たとえば、「この文をもっとシンプルに」という修正指示だけでは、
– 日本語原文が複雑すぎたのか
– 翻訳が直訳的になりすぎたのか
– 社内の文体基準と合っていなかったのか
どの原因なのかが不明なまま修正が行われます。翻訳会社はその場の修正には応じますが、根本的な判断基準を学習できないため、次の翻訳でも同様のパターンが繰り返されます。

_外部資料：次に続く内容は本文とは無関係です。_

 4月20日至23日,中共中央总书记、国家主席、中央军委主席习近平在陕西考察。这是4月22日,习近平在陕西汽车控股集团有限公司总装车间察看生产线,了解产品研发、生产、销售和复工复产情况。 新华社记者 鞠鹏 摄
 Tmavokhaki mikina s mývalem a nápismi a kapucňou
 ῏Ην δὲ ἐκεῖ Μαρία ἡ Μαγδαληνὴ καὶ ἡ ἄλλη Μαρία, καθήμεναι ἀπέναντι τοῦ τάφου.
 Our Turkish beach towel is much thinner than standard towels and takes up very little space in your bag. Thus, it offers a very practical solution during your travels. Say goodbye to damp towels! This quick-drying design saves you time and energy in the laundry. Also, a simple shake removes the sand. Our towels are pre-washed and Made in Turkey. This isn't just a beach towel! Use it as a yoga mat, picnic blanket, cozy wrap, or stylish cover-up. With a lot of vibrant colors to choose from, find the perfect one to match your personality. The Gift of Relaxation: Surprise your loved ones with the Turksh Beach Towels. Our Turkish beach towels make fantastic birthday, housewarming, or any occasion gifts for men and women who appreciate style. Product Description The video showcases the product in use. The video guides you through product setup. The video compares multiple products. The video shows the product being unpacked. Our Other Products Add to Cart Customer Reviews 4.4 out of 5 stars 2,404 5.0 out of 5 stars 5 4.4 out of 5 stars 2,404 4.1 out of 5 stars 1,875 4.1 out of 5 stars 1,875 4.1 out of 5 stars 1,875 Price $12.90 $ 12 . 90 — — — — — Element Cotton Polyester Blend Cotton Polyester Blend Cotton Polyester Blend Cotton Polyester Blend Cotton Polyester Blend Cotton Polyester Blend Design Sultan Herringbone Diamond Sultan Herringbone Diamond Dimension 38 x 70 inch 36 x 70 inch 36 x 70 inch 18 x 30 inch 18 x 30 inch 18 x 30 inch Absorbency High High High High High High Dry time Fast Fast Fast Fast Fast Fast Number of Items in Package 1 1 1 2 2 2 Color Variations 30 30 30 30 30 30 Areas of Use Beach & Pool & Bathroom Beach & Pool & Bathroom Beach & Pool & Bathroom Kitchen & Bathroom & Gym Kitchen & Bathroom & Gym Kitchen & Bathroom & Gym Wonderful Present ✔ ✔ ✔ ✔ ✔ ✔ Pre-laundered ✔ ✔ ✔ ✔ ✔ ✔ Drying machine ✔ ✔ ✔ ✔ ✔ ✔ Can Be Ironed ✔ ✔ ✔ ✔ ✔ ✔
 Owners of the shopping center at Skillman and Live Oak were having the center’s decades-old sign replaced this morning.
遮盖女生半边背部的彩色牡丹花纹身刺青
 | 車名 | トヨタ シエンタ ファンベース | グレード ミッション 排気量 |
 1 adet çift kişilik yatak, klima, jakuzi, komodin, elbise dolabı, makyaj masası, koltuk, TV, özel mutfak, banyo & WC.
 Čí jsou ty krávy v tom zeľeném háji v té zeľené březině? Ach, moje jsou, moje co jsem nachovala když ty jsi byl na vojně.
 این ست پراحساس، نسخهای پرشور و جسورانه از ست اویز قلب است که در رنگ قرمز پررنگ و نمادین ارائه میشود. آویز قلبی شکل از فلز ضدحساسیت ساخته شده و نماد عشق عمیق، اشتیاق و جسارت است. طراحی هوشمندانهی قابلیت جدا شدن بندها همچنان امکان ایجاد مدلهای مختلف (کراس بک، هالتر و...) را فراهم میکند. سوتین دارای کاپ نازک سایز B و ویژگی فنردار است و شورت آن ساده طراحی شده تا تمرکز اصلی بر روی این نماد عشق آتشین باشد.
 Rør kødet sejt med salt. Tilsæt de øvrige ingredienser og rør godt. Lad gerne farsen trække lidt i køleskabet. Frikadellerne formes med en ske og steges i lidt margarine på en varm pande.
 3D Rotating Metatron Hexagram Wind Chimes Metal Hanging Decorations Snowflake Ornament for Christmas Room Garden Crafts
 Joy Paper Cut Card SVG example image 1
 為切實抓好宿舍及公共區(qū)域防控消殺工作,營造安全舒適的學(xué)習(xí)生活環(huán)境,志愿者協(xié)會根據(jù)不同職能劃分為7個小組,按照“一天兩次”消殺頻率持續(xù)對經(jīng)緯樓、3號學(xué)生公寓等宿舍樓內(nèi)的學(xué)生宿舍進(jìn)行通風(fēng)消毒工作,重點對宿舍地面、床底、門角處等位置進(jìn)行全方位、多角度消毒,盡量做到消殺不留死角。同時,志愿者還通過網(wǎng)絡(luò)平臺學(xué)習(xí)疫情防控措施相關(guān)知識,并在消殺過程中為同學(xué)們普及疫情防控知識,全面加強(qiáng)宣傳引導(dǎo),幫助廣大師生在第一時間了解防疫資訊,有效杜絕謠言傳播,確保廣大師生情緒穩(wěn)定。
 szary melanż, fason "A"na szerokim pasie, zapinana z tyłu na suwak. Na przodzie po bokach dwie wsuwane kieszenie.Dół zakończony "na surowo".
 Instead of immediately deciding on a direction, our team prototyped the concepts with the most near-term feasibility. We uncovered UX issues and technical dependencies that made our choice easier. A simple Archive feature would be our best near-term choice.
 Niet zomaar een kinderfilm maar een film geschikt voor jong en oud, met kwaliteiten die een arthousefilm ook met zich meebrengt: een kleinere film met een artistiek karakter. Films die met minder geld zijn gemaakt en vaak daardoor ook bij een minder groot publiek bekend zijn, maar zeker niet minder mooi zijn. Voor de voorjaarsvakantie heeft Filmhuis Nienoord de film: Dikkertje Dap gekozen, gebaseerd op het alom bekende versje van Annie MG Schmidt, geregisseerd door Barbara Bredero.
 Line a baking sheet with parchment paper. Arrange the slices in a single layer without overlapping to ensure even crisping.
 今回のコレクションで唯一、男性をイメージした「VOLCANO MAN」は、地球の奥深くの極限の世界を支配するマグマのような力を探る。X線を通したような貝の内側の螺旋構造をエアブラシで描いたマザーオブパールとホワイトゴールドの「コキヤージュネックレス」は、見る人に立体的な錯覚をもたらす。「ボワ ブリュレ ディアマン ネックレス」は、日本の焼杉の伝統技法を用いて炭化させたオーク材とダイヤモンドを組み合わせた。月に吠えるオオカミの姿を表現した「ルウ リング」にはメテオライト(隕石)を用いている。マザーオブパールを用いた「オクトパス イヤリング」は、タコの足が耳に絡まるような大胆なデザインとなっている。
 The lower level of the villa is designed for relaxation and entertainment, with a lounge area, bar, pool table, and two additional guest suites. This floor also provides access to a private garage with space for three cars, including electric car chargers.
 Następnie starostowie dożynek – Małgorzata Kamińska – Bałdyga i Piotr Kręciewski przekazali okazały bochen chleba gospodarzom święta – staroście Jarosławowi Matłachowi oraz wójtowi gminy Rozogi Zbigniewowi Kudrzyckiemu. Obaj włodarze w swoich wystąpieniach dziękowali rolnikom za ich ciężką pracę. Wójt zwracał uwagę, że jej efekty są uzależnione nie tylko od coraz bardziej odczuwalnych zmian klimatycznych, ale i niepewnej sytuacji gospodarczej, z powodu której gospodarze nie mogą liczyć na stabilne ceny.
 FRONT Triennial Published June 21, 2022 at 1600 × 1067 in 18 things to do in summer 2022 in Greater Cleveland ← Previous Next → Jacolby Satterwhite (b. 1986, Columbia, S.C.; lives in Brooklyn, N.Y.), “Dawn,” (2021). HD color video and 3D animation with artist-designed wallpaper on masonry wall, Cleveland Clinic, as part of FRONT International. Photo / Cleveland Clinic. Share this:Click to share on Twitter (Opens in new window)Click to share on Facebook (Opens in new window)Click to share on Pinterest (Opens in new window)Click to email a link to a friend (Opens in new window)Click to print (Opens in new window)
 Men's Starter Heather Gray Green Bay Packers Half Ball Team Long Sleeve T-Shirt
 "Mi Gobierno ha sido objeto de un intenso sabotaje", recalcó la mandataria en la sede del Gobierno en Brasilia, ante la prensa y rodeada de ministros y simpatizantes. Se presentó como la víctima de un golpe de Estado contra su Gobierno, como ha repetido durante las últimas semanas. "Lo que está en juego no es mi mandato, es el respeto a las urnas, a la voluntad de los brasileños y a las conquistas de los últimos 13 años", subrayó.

継続発注の関係がある場合、修正時の「理由の共有」は、翻訳会社にとってのキャリブレーション(精度調整)の機会です。理由の共有なき修正指示は、関係が長くなっても品質の底上げに繋がりにくい構造を作ってしまいます。
「確認にかかる時間」がスケジュールに含まれていない
発注から納品までの期間は確保されているが、社内確認・修正・再確認のバッファがないというスケジュール設計も、問題を大きくする要因です。
翻訳の工程は、翻訳会社への発注で終わりではありません。納品後に発注側が行う確認・フィードバック・最終承認も、実質的な「工程」の一部です。
納品物を受け取った翌日が対外的な使用期限、という状況では、修正が発生した時点でリカバリーできません。それを避けるために「修正ゼロで完璧な初稿」を求める圧力が生まれると、翻訳会社との関係にも不健全な緊張が生じます。
スケジュール設計の目安(例)
– 翻訳会社への発注 → 初稿納品
– 社内での内容確認(担当者):2〜3営業日
– 専門部署・上長レビュー:2〜3営業日
– 修正依頼・翻訳会社での対応:1〜2営業日
– 最終確認・承認:1営業日
この全体を見通したうえで逆算してスケジュールを設定することが、修正リスクを現実的に管理するための基本です。
まとめ:「戻し修正の多さ」は、発注プロセスの改善で減らせる
翻訳の戻し修正が多い状況は、多くの場合「翻訳会社の選定ミス」ではなく、以下のようなプロセスの未整備が組み合わさって起きています。
| 問題 | 本質的な原因 |
| 承認後にさらに修正が入る | 確認フローが発注前に定義されていない |
| 文体・トーンが合わない | 使用目的・読み手情報が共有されていない |
| 用語がバラバラ | 用語基準が文書化されていない |
| 同じミスが繰り返される | 修正の理由が翻訳会社にフィードバックされていない |
| 修正の時間がない | 社内確認工程がスケジュールに含まれていない |
これらの多くは、発注の「準備フェーズ」と「継続運用の設計」を見直すことで、改善の余地があります。
翻訳会社との関係を見直す前に、まず「自社の発注プロセスに上記の課題がないか」を棚卸しすることが、実質的な改善への最短経路かもしれません。
もし「自社の発注プロセスのどこに問題があるか特定したい」という場合は、現状の発注フローを整理したうえで、翻訳会社に相談してみることを検討してください。適切な翻訳パートナーであれば、翻訳そのものだけでなく、発注設計のレビューにも応じられるはずです。